Nope. C<sort> is declared as a multimethod. This works, too:
$code = sub ($a, $b) { -M $a <=> -M $b };
@sorted = sort $code, @unsorted;
> DC> or with a single one-argument block/closure (to sort according
> DC> whatever the specified key extractor returns):
>
> DC> # Numerically ascending...
> DC> @sorted = sort {+ $^elem} @unsorted;
> DC> @sorted = sort {+ $_} @unsorted;
>
> is $^elem special? or just a regular place holder? i see $_ will be set
> to each record as we discussed.
Those two statements are exactly the same in every way.

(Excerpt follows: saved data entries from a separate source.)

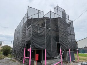 本日の作業内容は足場架設です。隣地の境界に注意しながらしっかり敷地内に足場納めて架設完了です。明後日からコーキング工事に入っていきます。引き続きよろしくお願いいたします。またアップします。
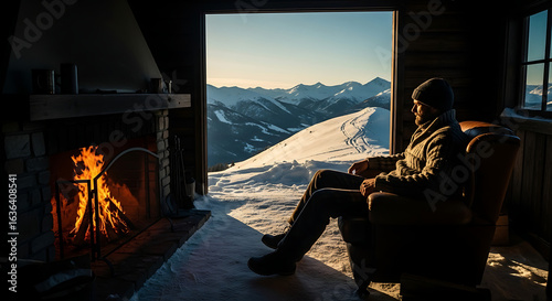 Man in armchair by fireplace looks out at snowy mountains through open doorway in cabin setting
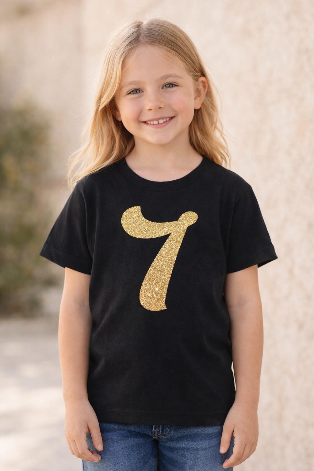 Celebrate your little one turning SEVEN in style with this adorable gold glitter birthday shirt!
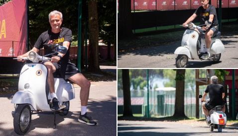 وفاجأ مورينيو، سكان ومرتادي شوارع العاصمة الإيطالية، من خلال تنقله إلى مقر تدرب فريقه الجديد روما، على دراجة نارية “فيسبا”.
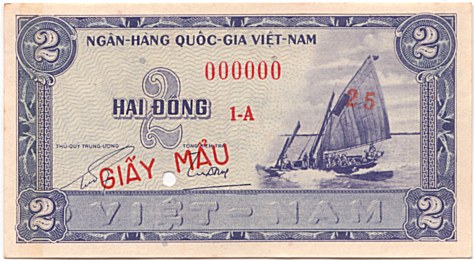Hình 3: Tờ bạc hai đồng, phát hành năm 1955
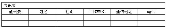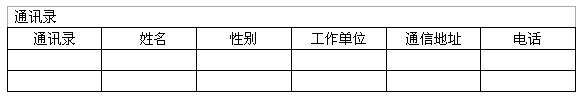 (2)使用【表格和边框】栏中的“铅笔”工具,把“通讯录”一行列入同一表格中(也可以使用“文字转换成表格”的功能)。如图2所示。 图2 把“通讯录”一行列入同一表格中
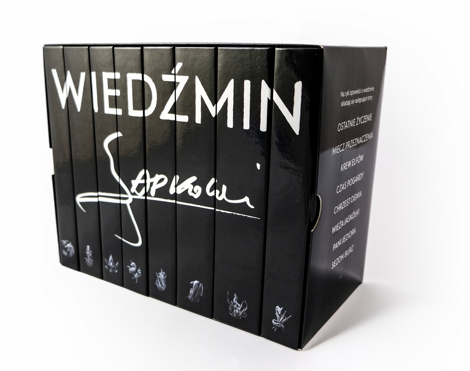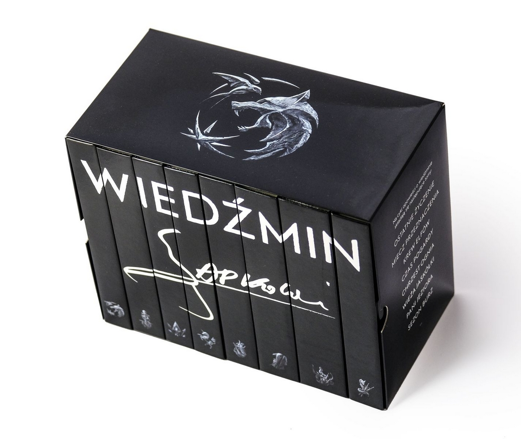 W komplecie: Wiedźmin: Ostatnie życzenie, Miecz przeznaczenia, Sezon burz, Krew elfów, Crzest ognia, Czas pogardy, Wieża Jaskółki, Pani Jeziora.
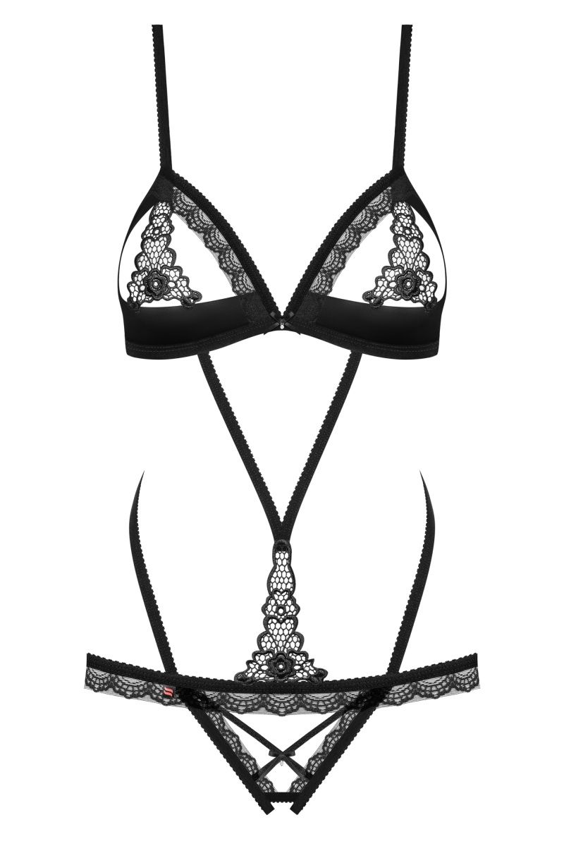 Оригинальное контактное боди. Открытый лиф декорирован вставкой из кружева, бретели регулируются. Верхняя и нижняя часть боди соединена тонкими резиночками-стрепами.
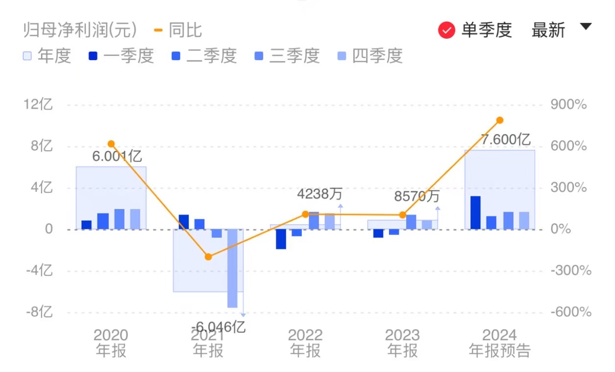 财联社1月21日电,长盈精密发布2024年度业绩预告,预计归属于上市公司股东的净利润为7亿-8.2亿元,比上年同期增长716.78%-856.79%;扣除非经常性损益后的净利润为4.6亿-5.8亿元,比上年同期增长2368.86%-3012.91%。消费类电子及新能源市场持续复苏向好,报告期营业收入创历史新高。小财注:Q3净利1.61亿元,据此测算,Q4净利预计1.06亿元-2.26亿元,环比变动为-34.16%至40.37%。
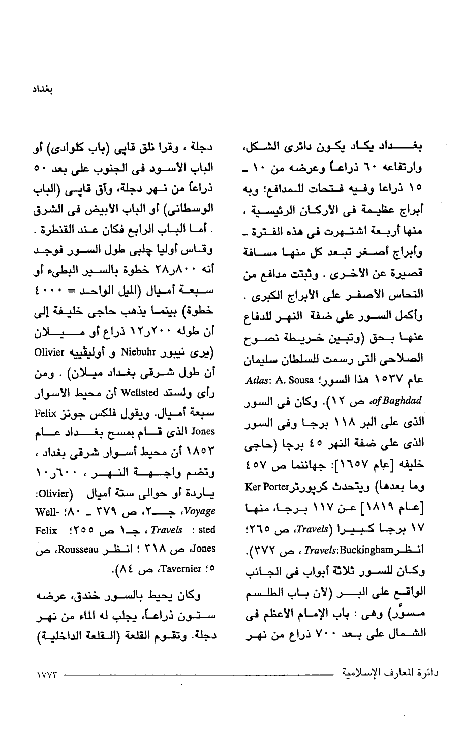 بغداد يكاد يكون دائرى الشكل، وارتفاعه 60 ذراعًا وعرضه من 10 - 15 ذراعا وفيه فتحات للمدافع؛ وبه أبراج عظيمة في الأركان الرئيسية، منها أربعة اشتهرت في هذه الفترة - وأبراج أصغر تبعد كل منها مسافة قصيرة عن الأخرى. وثبتت مدافع من النحاس الأصفر على الأبراج الكبرى. وأكمل السور على ضفة النهر للدفاع عنها بحق (وتبين خريطة نصوح الصلاحى التي رسمت للسلطان سليمان عام 1537 هذا السور؛ Atlas: Asousa of Baghdad، ص 12). وكان في السور الذي على البر 118 برجا وفي السور الذي على ضفة النهر 45 برجا (حاجى خليفه [عام 1657]: جهاننما ص 457 وما بعدها) ويتحدث كربورتر Ker Porter [عام 1819] عن برجا، منها 17 برجا كبيرا (Travels ص 265؛ انظر Travels: Buckingham، ص 372). وكان للسور ثلاثة أبواب في الجانب الواقع على البر (لأن باب الطلسم مسوَّر) وهي: باب الإمام الأعظم في الشمال على بعد 700 ذراع من نهر دجلة، وقرا نلق قابى (باب كلوادى) أو الباب الأسود في الجنوب على بعد 50 ذراعًا من نهر دجلة، وآق قابى (الباب الوسطانى) أو الباب الأبيض في الشرق. أما الباب الرابع فكان عند القنطرة. وقاس أوليا جلبى طول السور فوجد أنهِ 800 ر 28 خطوة بالسير البطئ أو سبعة أميال (الميل الواحد = 4000 خطوة) بينما يذهب حاجى خليفة إلى أن طوله 200 ر 12 ذراع أو ميلان (يرى نيبور Niebuhr وأوليفييه Olivier أن طول شرقي بغداد ميلان). ومن رأى ولستد Wellsted أن محيط الأسوار سبعة أميال. ويقول فلكس جونز Felix Jones الذي قام بمسح بغداد عام 1853 أن محيط أسوار شرقي بغداد، وتضم واجهة النهر، 10.600 ياردة أو حوالي ستة أميال (Olivier: Voyage، جـ 2، ص 379 - 80؛ - Well Travels: sted جـ 1 ص 255؛ Felix Jones ص 318؛ انظر Rousseau، ص 1 Tavemier ص 84). وكان يحيط بالسور خندق، عرضه ستون ذراعًا، يجلب له الماء من نهر دجلة. وتقوم القلعة (القلعة الداخلية)

Well, except
how they're writted. $^elem is indeed a regular placeholder. $_
becomes an implicit parameter when it is referred to, in the absence of
placeholders or another type of signature.
> DC> # Key-ifically...
> DC> sub get_key($elem) {...}
> DC> @sorted = sort &get_key, @unsorted;
>
> and that is parsed as an extracter code call due to the single arg
> sig. again, it appears that it has to be seen before the sort code for
> that to work.
Nope. Runtime dispatch as before.
> DC> or with a single extractor/comparator pair (to sort according to the
> DC> extracted key, using the specified comparator):
>
> DC> # Modtimewise stringifically descending...
> DC> @sorted = sort {-M}=>{$^b cmp $^a} @unsorted;
>
> so that is a single pair of extractor/comparator. but there is no comma
> before @unsorted. is that correct? see below for why i ask that.

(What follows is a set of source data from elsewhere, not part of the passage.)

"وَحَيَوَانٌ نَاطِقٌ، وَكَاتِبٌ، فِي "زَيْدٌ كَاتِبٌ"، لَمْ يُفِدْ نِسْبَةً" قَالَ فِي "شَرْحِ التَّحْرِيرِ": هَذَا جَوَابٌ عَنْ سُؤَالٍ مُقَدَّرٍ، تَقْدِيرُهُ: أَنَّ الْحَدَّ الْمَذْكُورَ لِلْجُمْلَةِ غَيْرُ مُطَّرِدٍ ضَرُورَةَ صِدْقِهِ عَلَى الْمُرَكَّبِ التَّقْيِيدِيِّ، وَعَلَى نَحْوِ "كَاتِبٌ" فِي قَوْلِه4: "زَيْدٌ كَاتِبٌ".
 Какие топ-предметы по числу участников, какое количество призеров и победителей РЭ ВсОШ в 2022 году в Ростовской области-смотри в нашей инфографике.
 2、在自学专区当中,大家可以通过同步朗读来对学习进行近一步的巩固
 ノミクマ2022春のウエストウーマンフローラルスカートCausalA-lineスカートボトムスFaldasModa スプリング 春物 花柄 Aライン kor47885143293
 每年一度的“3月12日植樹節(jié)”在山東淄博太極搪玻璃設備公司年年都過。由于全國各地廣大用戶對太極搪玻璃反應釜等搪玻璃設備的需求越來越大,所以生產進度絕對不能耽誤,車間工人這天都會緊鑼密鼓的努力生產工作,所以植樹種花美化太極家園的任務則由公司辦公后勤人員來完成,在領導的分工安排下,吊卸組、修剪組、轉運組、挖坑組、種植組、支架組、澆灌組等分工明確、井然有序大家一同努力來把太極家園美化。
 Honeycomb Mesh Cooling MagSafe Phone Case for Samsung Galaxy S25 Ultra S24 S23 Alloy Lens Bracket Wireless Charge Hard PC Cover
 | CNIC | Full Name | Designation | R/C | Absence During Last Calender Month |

Yes. Commas may be ommitted on either side of a block when used as an
argument. I would argue that they only be omitted on the right side, so
that this is unambiguous:
if some_function { ... }
{ ... }
Which might be parsed as either:
if (some_function { ... }) { ... }
Or:
if (some_function()) {...}
{...} # Bare block
> DC> or with an array of comparators and/or key extractors and/or
> DC> extractor-comparator pairs (to sort according to a cascading list of
> DC> criteria):
>
> DC> # Numerically ascending
> DC> # or else namewise stringifically descending case-insensitive
> DC> # or else modtimewise numerically ascending
> DC> # or else namewise fuzz-ifically
> DC> # or else fuzz-ifically...
> DC> @sorted = sort [ {+ $^elem},
> DC> {$^b.name cmp $^a.name} is insensitive,
> DC> {-M},
> DC> {.name}=>&fuzzy_cmp,
> DC> &fuzzy_cmp,
>
> i see the need for commas in here as it is a list of criteria.
>
> DC> ],
>
> but what about that comma? no other example seems to have one before the
> @unsorted stuff.
It's not a closure, so you need a comma.
> DC> @unsorted;
>
> DC> If a key-extractor block returns number, then C<< <=> >> is used to
> DC> compare those keys. Otherwise C<cmp> is used. In either case, the keys
> DC> extracted by the block are cached within the call to C<sort>, to
> DC> optimize subsequent comparisons against the same element. That is, a
> DC> key-extractor block is only ever called once for each element being
> DC> sorted.
>
> where does the int optimizer come in? just as you had it before in the
> extractor code? that will need to be accessible to the optimizer if the
> GRT is to work correctly.
If the block provably returns an int, C<sort> might be able to optimize
for ints. Several ways to provably return an int:
my $extractor = an int sub($arg) { $arg.num }
@sorted = sort $extractor, @unsorted;
Or with a smarter compiler:
@sorted = sort { int .num } @unsorted;
Or C<sort> might even check whether all the return values are ints and
then optimize that way. No guarantees: it's not a language-level issue.
> i like that the key caching is defined here.
Yeah. This is a language-level issue, as the blocks might have
side-effects.
> DC> Note that ambiguous cases like:
>
> DC> @sorted = sort {-M}, {-M}, {-M};
>
> DC> will be dispatched according to the normal multiple dispatch semantics
> DC> (which will mean that they will mean):
>
> DC> @sorted = sort {-M} <== {-M}, {-M};
>
> DC> and so one would need to write:
>
> DC> @sorted = sort <== {-M}, {-M}, {-M};
>
> that clears up that one for me.
>
> this is very good overall (notwithstanding my few nits and
> questions). it will satisfy all sorts of sort users, even those who are
> out of sorts.
Agreed. I'm very fond of it..
Luke